Anthropic shipped auto mode for Claude Code this week. Instead of asking permission for every file write and bash command, Claude now uses internal safety classifiers to approve or block actions on its own. It’s positioned as the middle ground between the default mode (where you approve everything) and --dangerously-skip-permissions (where you approve nothing and hope for the best).

I use Claude Code with custom permission rules — hooks that gate specific actions, allowlists for safe operations, blocks on anything destructive. Auto mode is essentially Anthropic building that logic into the model itself, so developers who don’t configure their own guardrails still get some.

The interesting tension here isn’t about this specific feature. It’s about where we’re heading on the autonomy spectrum.
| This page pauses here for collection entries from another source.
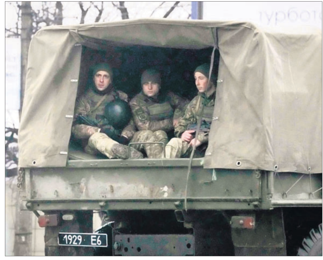
ମାରିଉପୋଲରେ ଯୁଦ୍ଧେନ୍ ସୈନ୍ୟଙ୍କ ପାଟ୍ରୋଲିଂ ।

ରୁଷିଆର ସାମରିକ ଆକ୍ରମଣକୁ ନିନ୍ଦା କରୁଛି। ଆନ୍ତର୍ଜାତିକ ଶାନ୍ତି ଓ ସ୍ଥିରତା ପ୍ରତି ଏହା ଏକ ଶକ୍ତ ସୂଚକ। - ରେସିସ୍ ଗାୟିସ୍ ଏର୍ଡୋଗାନ୍, ତୁର୍କୀ ରାଷ୍ଟ୍ରପତି
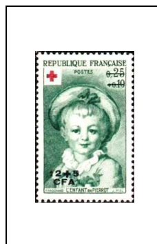
L'enfant en Pierrot
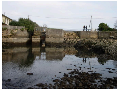
Ecluse du Sillon IVR53_20062908569NUCA
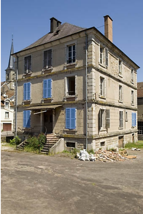
Logement patronal vu de trois quarts arrière.

70, Aillevillers-et-Lyaumont, 31 rue Charles Demandre
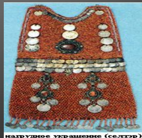
нагрудное украшение (селтер)
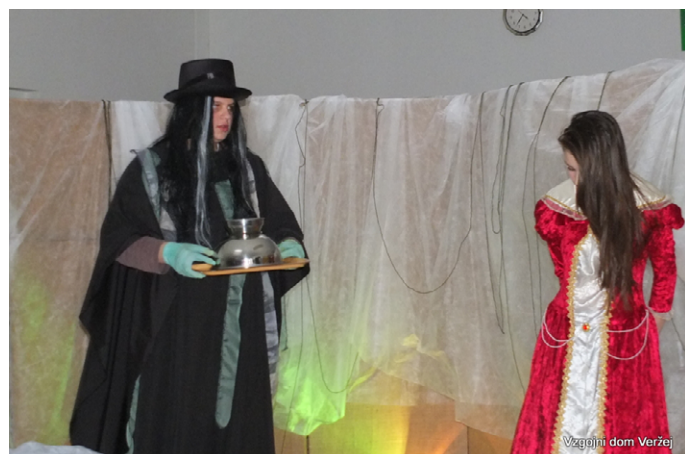
Vzgojni dom Veržej
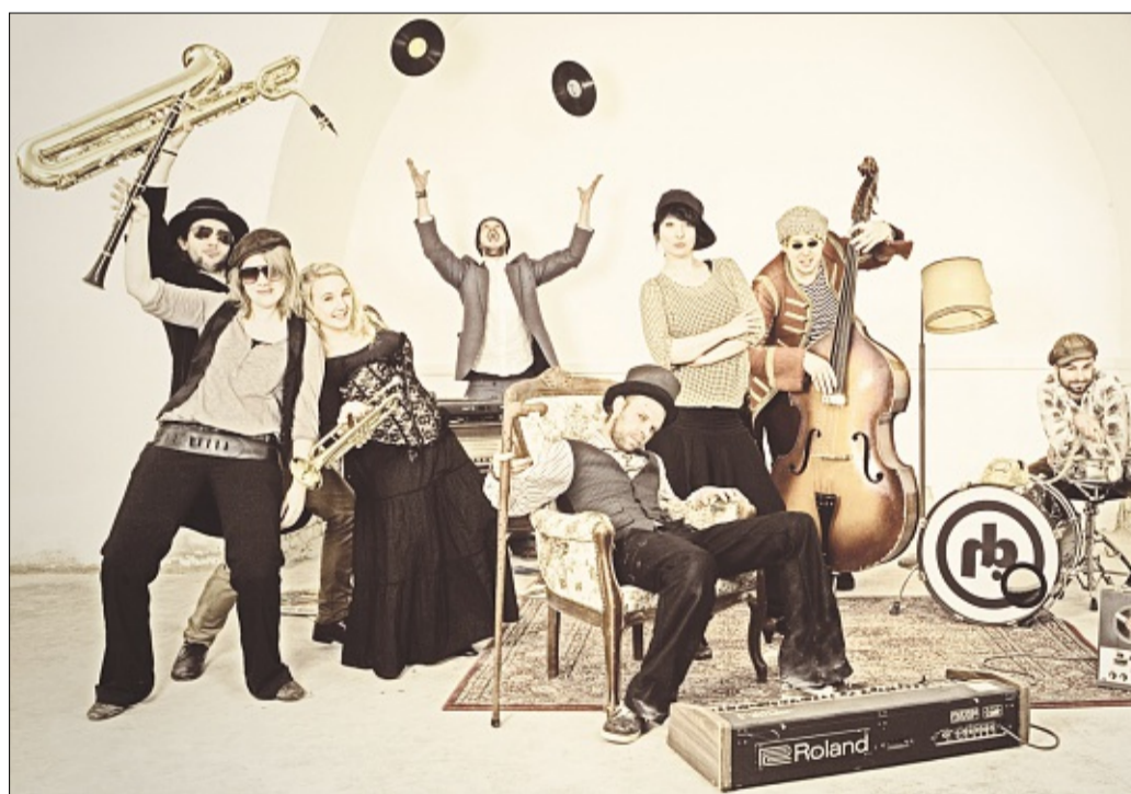
Funk, Swing und Rap vom Balkan bietet die Band „Brösel“.

Auf zwei großen Bühnen im Wechsel stellen die Topacts ihr Repertoire vor. Dabei legt man hier im verschlafenen und idyllisch gelegenen Wagersrott ganz besonderen Wert auf eine hervorragende Akustik, auf eine gute Lichtshow und gute Ton-technik. Die gute Stimmung kommt so von ganz allein. Allerdings gilt immer „The same procedure as last year?“ und so organisieren, buchen, regeln alle Beteiligten schon viele Monate vorher, was für den Besucher während des Festivals so selbstverständlich erscheint. Gut zu wissen, dass der junge Veranstalter dieses Event nicht zum ersten mal durchführt und von Jahr zu Jahr Verbesserungen
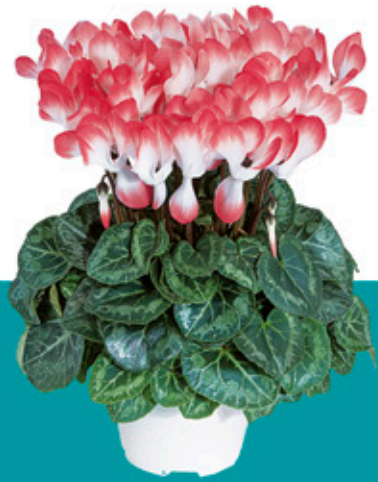
INDIAKA® Lachs - 53030 -
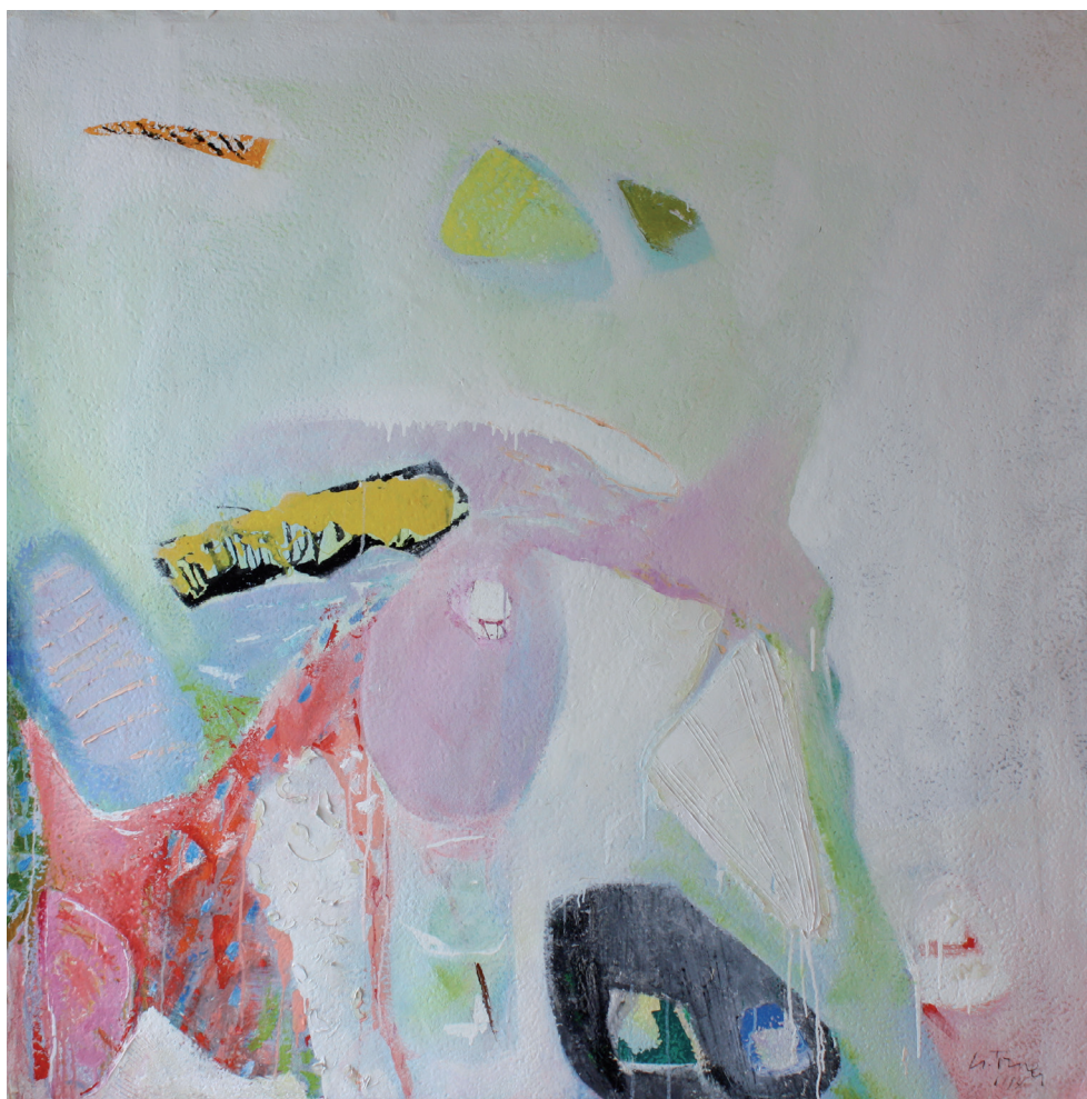
Bahía de los poetas Mixta/papel artesanal. 150x 150 cm. Año 1994
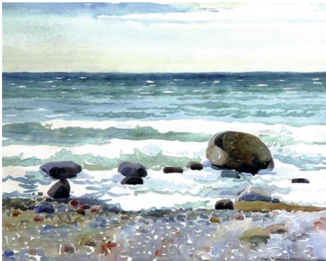
Strand, 1949 Akwarel, 43 x 55 cm
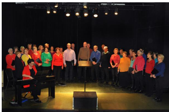
18/11/2017 Concert à la MJC Village
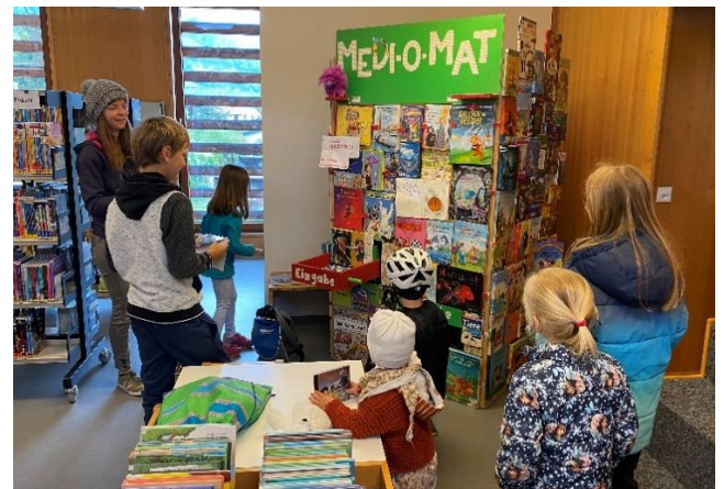
Medi-O-Mat (4x im April / Frühlingsferien) Medien-Tausch-Automat mit Überraschungen
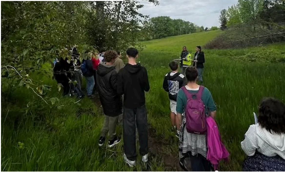
Visite de la zone humide du Vignal pour les éco-délégués du collège d'Allasac

Dernière initiative en date : un escape game conçu avec la fédération de pêche à destination des accueils de loisirs pour cet été. Le principe ? Une truite va devoir retrouver sa frayère dans une rivière dégradée. Un angle ludique qui permet d'aborder les conséquences des activités humaines sur les cours d'eau. « Nous avons choisi la truite parce que c'est une espèce patrimoniale et qu'elle est très sensible à la température de l'eau », explique Coraline Breil. Au-delà de 20 °C, la truite cesse même de s'alimenter.
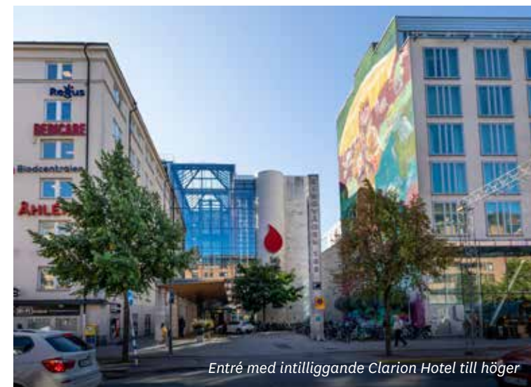
Entré med intilliggande Clarion Hotel till höger
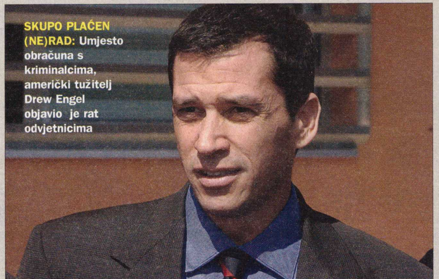
SKUPO PLAĆEN (NE)RAD: Umjesto obračuna s kriminalcima, američki tužitelj Drew Engel objavio je rat odvjetnicima

nekadašnjem članu Predsjedništva BiH Anti Jelaviću (osuđenom na deset godina zatvora) koju je Apelacijsko vijeće Suda BiH u cijelosti odbacilo i suđenje Jelaviću vratilo na početak. (Ranije smo objavili da je žalba Jelavićevih odvjetnika bila napisana na više od sto strana, dok je Engel svoje pritužbe "stavio" na svega pet stranica.) U ljeto 2006., konačnom presudom Apelacijskog vijeća, Drew Engel je izgubio i sudski spor protiv bivšeg federalnog ministra obrane Miroslava Prce i dozopovjednika Vojske Federacije Dragana Čurčića, koji su oslobođeni u predmetu "Hrvatska samouprava". Međutim, i pored katastrofalnih rezultata, Engelu je u dva navrata produžavan mandat. Nakon što se njegov prethodnik i sunarodnjak David Upcher prije godinu dana vratio u SAD, Drew Engel je "promoviran" u šefa Posebnog odjela za organizirani kriminal, privredni kriminal i korupciju Tužiteljstva BiH.
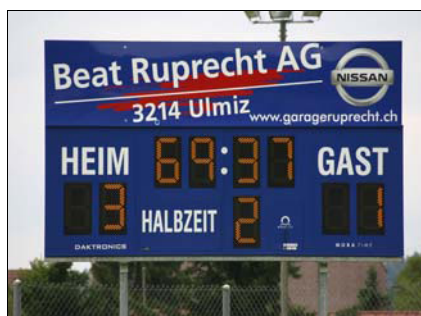
Daktronics Scoreboards von Mobatime Swiss AG

all eine überdurchschnittliche Leistung. Bei den grössten internationalen Sportanlässen wie den Olympischen Spielen, den Pan-amerikanischen- und den Commonwealth-Spielen vertrauen Organisatoren und Weltklasseathleten auf Daktronics.
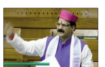
डॉ गोपाल जी ठाकुर सांसद दरभंगा ।

दरभंगा (एनएसबी)। सांसद सह लोकसभा में भाजपा सचेतक डा गोपाल जी ठाकुर को लोकसभा अध्यक्ष ओम बिरला के द्वारा उत्तर यूरोप के लिए गठित भारत - बाल्टिक संसदीय मैत्री समूह का सदस्य बनाया गया है। इस आशय की सूचना मिलते ही दरभंगा जिले सहित मिथिला क्षेत्र में भाजपा तथा एनडीए कार्यकर्ताओं के बीच खुशी की लहर दौड़ गई तथा सांसद डा ठाकुर को बधाई देने बालों का तांता लग गया। भारत - बाल्टिक संसदीय मैत्री समूह के सदस्य बनाए पर सांसद डा ठाकुर ने प्रसन्नता व्यक्त की है तथा इसके लिए प्रधानमंत्री नरेंद्र मोदी, गृह मंत्री अमित शाह, संसदीय कार्य मंत्री किरण रिजिजू के साथ लोकसभा अध्यक्ष ओम बिरला के प्रति आभार प्रकट करते हुए कहा है कि पार्टी नेतृत्व ने जिस आशा तथा भरोसे के साथ इतनी बड़ी जिम्मेदारी सौंपी है उसे ईमानदारी से निर्वहन करेंगे।
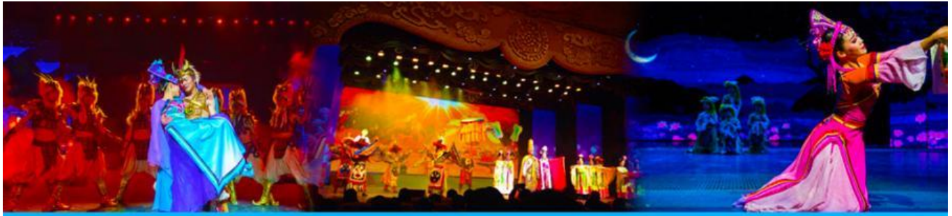
Romantic Show of Jiuzhai

หลังอาหารนำท่านสามารถเลือกซื้อรายการทัวร์เสริม พิเศษการแสดง ชุด Romantic Show of Jiuzhai
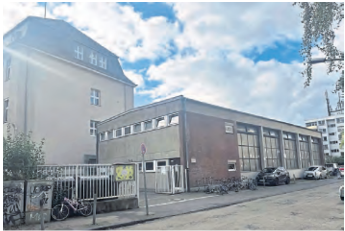
Die alte Turnhalle GGS Manderscheider Platz wird abgerissen.

Peter Pfeifer hat diesbezüglich allerdings wenig Hoffnung. Vielmehr sei die Lage auch an vielen anderen Schulen der Stadt schlecht. Dementsprechend appelliert auch er in Richtung der Entscheidungsträger, die Bedingungen zugunsten des Schulsports durch das Ergreifen der richtigen Maßnahmen endlich dauerhaft zu verbessern.
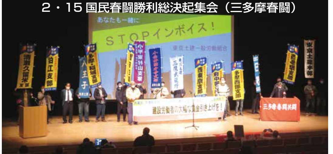
全支部の仲間がのぼり旗をもってアピール

2月15日に小金井宮地楽器ホールにて開催され、全体で211人、支部から9人が参加しました。
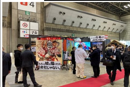
展示会とセミナー
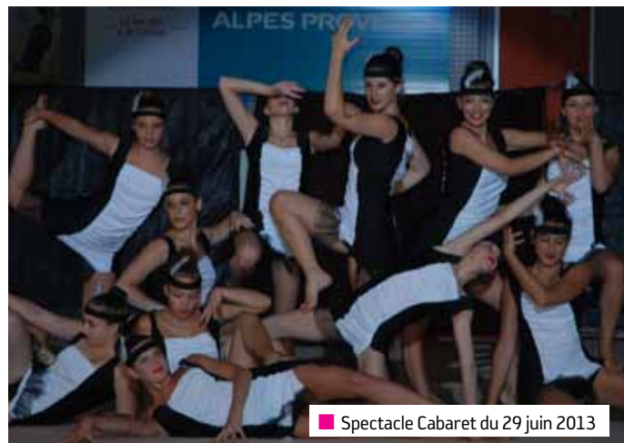
■ Spectacle Cabaret du 29 juin 2013
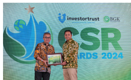
PNM Mendapatkan penghargaan "Special Awards : Elevating Community Health and Sanitation Award" pada Investor Trust CSR Awards 2024, (24 Oktober 2024).
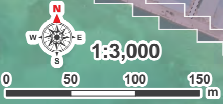
この背景図は平成26年1月撮影のものです。
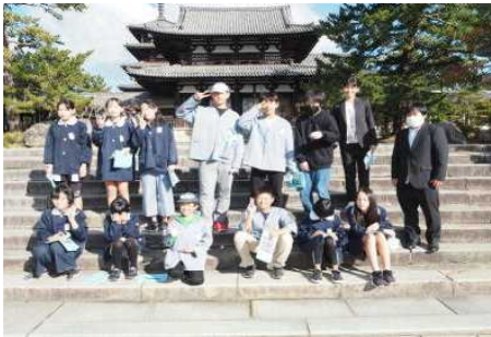
まずは法隆寺から。天候に恵まれみんなの笑顔が輝きます

3年ぶりに奈良・京都（宿泊先は滋賀）への修学旅行に行ってきました。6年生は歴史上の建物や人物、文化について学習した後の旅行となり、実際に目で見て心で感じるそれぞれの場面でした。また、東映太秦映画村では3つのグループに分かれて自分たちだけで行動。友情をさらに深め、集団生活としても規律ある行動ができた旅行でした。
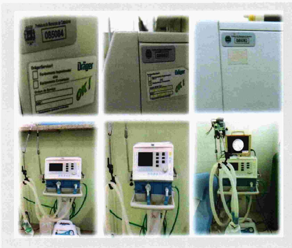
Figura 1: TRÊS RESPIRADORES DA SALA VERMELHA
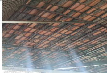
IMAGEM 4: VISTA POR BAIXO DO TELHADO EXISTENTE LOCAL: HORTO FLORESTAL
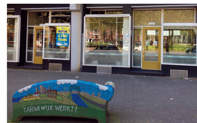
Kantoor programmabureau NPRZ.

werken voor het bestuur van het NPRZ. Voor zover niet elders gepositioneerd, zijn zij rechtspositioneel aangesteld bij de gemeente. De directeur NPRZ legt verantwoording af aan het bestuur van het NPRZ. De directeur heeft rechtstreeks toegang tot de leden van het bestuur NPRZ, is verantwoordelijk voor de integrale uitvoering van het NPRZ en spreekt partijen op hun verantwoordelijkheid aan. De directeur zorgt voor een adequate monitoring van het programma en agendeert knelpunten bij het bestuur. De directeur draagt zorg voor het draagvlak bij de partners, ook in de contacten met de relevante departementen, toezichthouders en volksvertegenwoordigingen, en media. In deel II is een verantwoording over de financiën van het programmabureau opgenomen. In 2020 is € 928.879 besteed, dit valt binnen het budget van € 1.040.000.
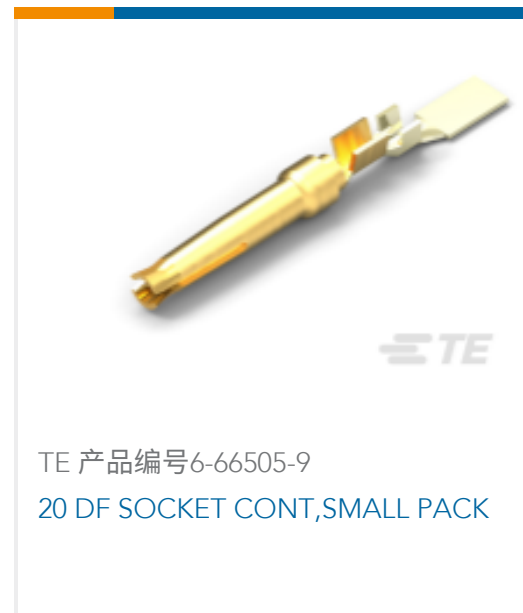
TE 产品编号6-66505-9 20 DF SOCKET CONT,SMALL PACK

Every developer tool that uses AI agents is going to hit this exact design problem: too many permission prompts and nobody uses it, too few and someone loses a directory.

The honest answer is that there’s no universal setting. What’s safe depends entirely on what you’re working on, what you can afford to lose, and how much you trust the model’s judgment in your specific context. Auto mode is a reasonable default for people who haven’t thought about it yet. But if you’re doing serious work, you’ll still want your own rules.

The fact that enough developers were using --dangerously-skip-permissions to make Anthropic build a safer alternative tells you everything about how the autonomy conversation is actually going.